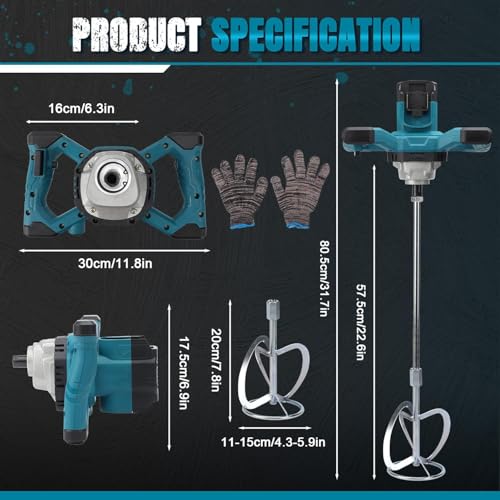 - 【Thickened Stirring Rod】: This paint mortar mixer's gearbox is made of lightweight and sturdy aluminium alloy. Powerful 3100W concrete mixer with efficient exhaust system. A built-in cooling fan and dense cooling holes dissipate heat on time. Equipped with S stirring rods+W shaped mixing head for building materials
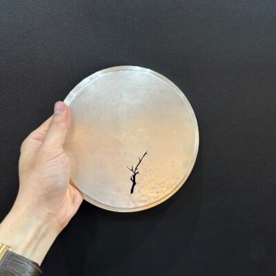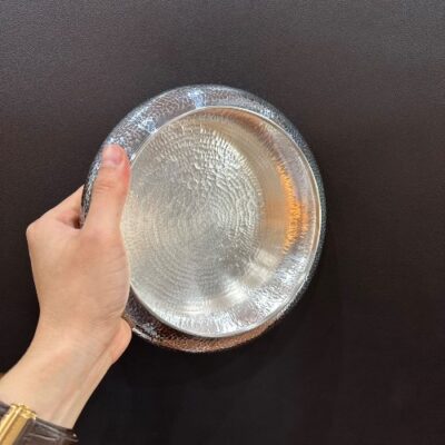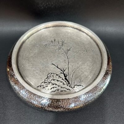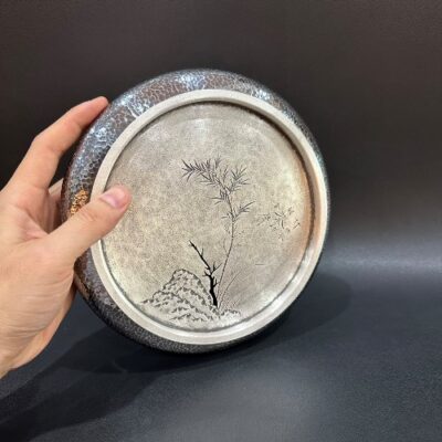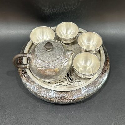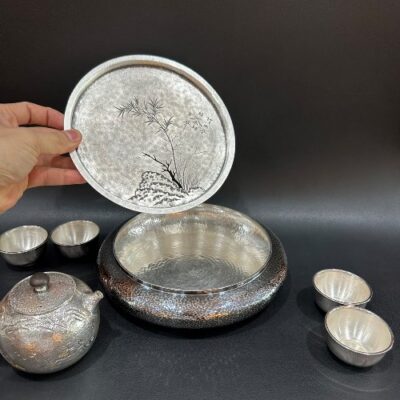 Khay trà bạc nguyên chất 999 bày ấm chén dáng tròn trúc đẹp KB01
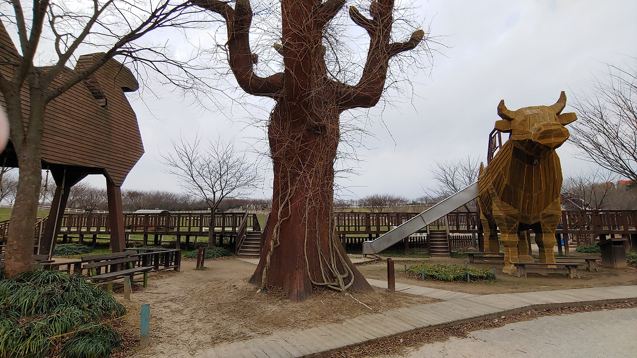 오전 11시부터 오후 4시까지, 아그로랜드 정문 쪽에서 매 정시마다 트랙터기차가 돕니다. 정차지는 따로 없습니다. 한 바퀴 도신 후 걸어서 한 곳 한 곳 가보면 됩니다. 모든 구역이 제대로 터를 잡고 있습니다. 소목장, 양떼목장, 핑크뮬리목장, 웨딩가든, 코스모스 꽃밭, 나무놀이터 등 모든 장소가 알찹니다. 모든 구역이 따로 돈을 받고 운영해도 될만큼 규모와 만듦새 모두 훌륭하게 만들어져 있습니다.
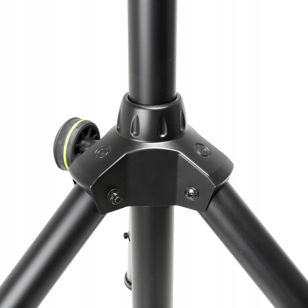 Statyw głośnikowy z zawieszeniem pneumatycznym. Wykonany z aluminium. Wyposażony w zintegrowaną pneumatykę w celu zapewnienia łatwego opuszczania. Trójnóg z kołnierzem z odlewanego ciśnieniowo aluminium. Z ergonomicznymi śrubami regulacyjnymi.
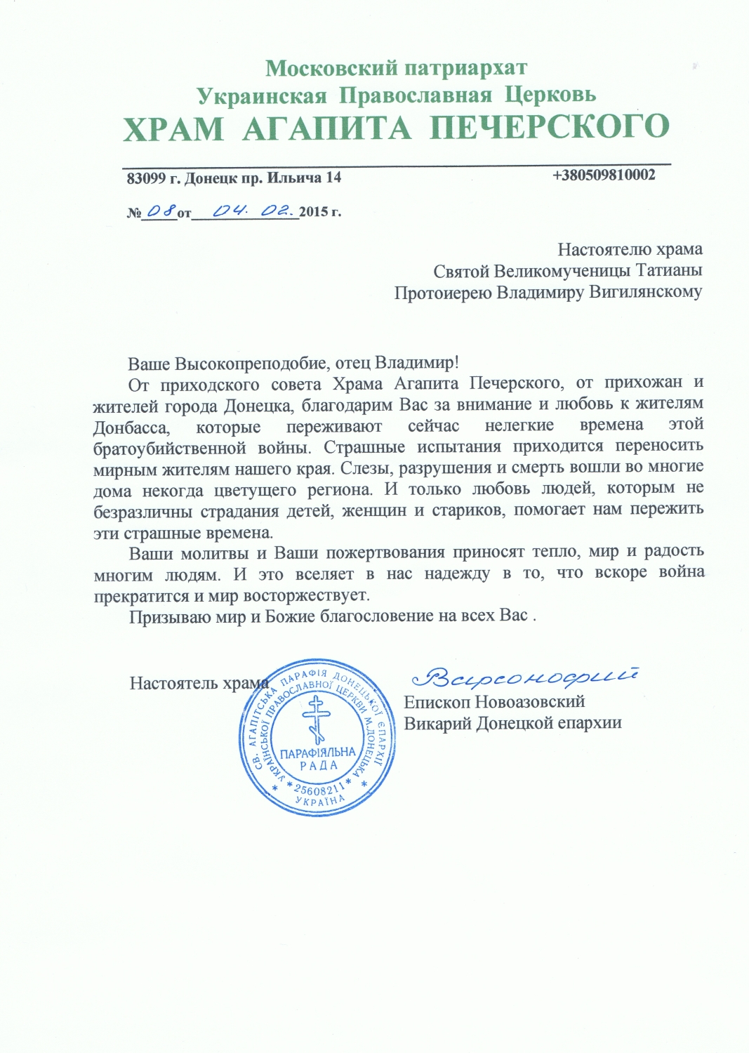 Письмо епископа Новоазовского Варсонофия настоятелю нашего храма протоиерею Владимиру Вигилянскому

........

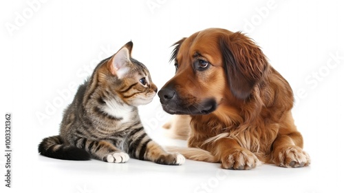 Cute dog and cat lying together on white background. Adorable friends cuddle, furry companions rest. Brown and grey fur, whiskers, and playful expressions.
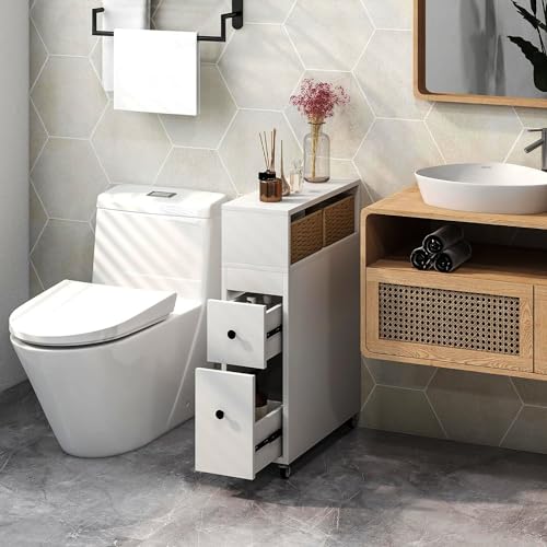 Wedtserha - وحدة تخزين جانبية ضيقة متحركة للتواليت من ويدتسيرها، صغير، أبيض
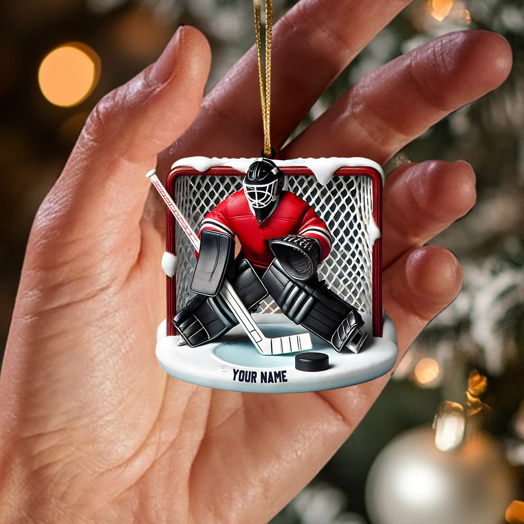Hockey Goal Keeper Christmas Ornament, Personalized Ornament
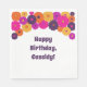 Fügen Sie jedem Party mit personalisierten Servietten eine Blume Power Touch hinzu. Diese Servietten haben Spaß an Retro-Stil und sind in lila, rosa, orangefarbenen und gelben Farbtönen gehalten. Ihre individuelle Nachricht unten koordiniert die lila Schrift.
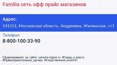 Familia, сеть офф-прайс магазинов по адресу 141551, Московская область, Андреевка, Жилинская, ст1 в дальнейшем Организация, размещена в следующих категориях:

........

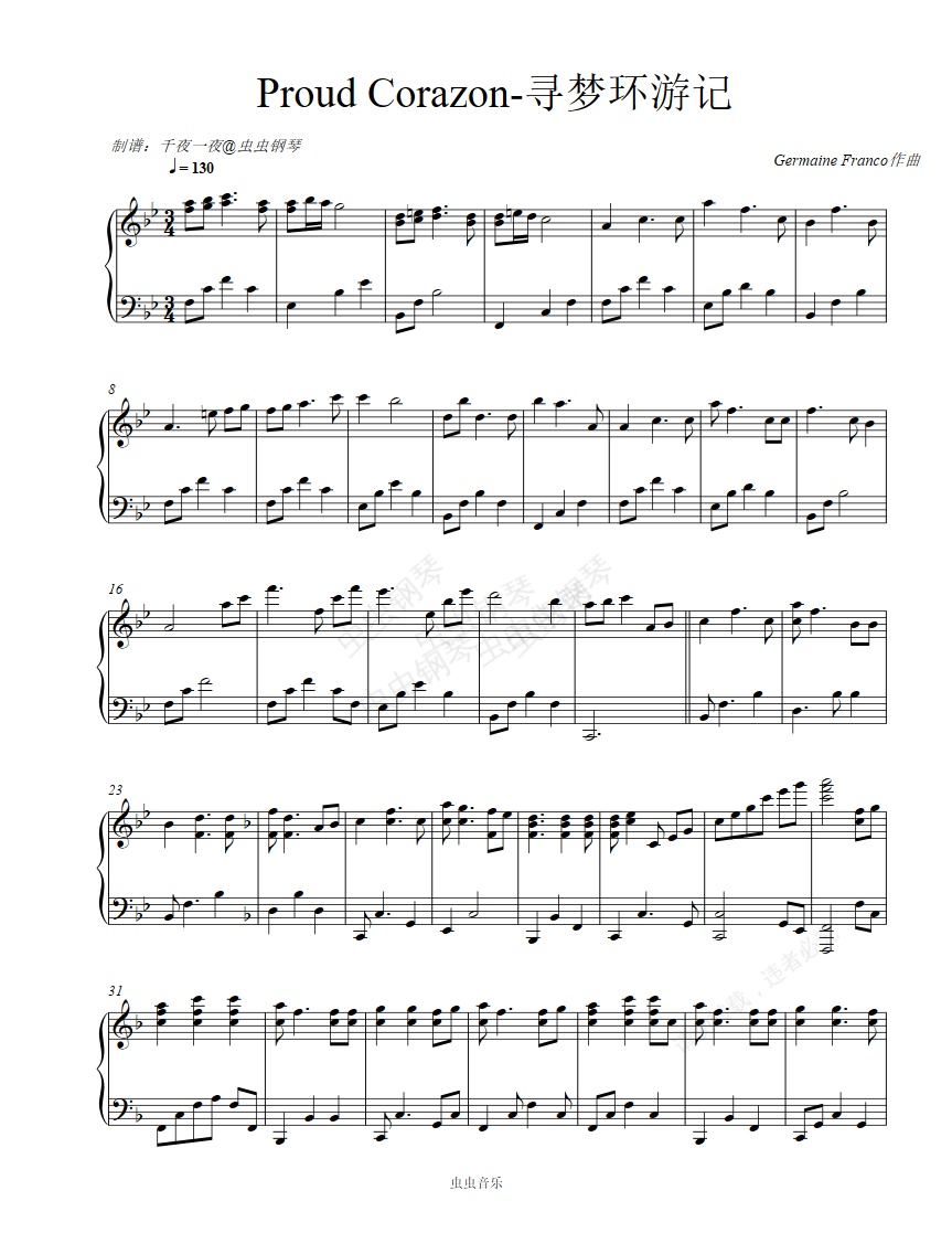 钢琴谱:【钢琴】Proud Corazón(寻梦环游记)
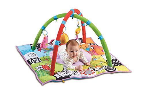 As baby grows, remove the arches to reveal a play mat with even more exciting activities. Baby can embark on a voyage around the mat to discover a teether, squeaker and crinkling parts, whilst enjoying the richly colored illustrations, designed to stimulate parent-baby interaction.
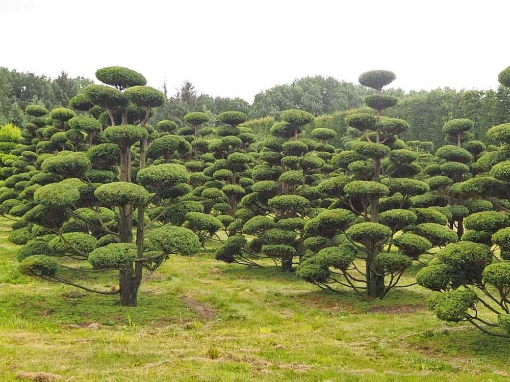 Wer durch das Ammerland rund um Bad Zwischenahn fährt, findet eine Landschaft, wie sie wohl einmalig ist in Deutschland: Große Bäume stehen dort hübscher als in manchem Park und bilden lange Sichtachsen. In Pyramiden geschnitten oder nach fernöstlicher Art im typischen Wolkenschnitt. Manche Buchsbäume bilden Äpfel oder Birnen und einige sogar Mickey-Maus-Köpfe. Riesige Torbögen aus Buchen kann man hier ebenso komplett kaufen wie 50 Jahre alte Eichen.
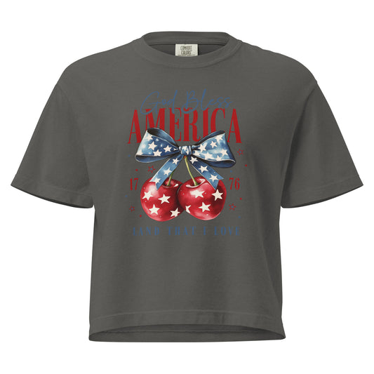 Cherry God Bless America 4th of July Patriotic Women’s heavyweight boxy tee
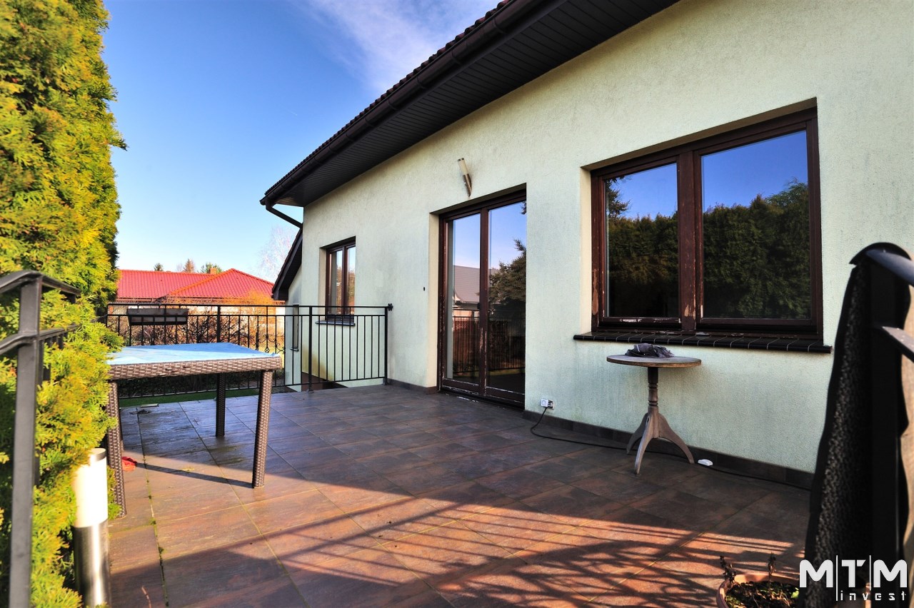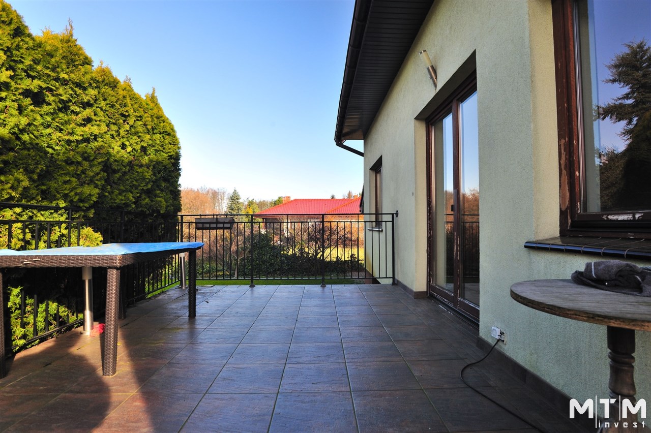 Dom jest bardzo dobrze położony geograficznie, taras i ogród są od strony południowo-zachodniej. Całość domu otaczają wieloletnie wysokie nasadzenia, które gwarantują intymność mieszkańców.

........

Taking the entries above, copy word for word the lines from the one with "- 【Thickened Stirring" up to and including the one with "Khay trà bạc", without any picture.

 - 【Thickened Stirring Rod】: This paint mortar mixer's gearbox is made of lightweight and sturdy aluminium alloy. Powerful 3100W concrete mixer with efficient exhaust system. A built-in cooling fan and dense cooling holes dissipate heat on time. Equipped with S stirring rods+W shaped mixing head for building materials
 Khay trà bạc nguyên chất 999 bày ấm chén dáng tròn trúc đẹp KB01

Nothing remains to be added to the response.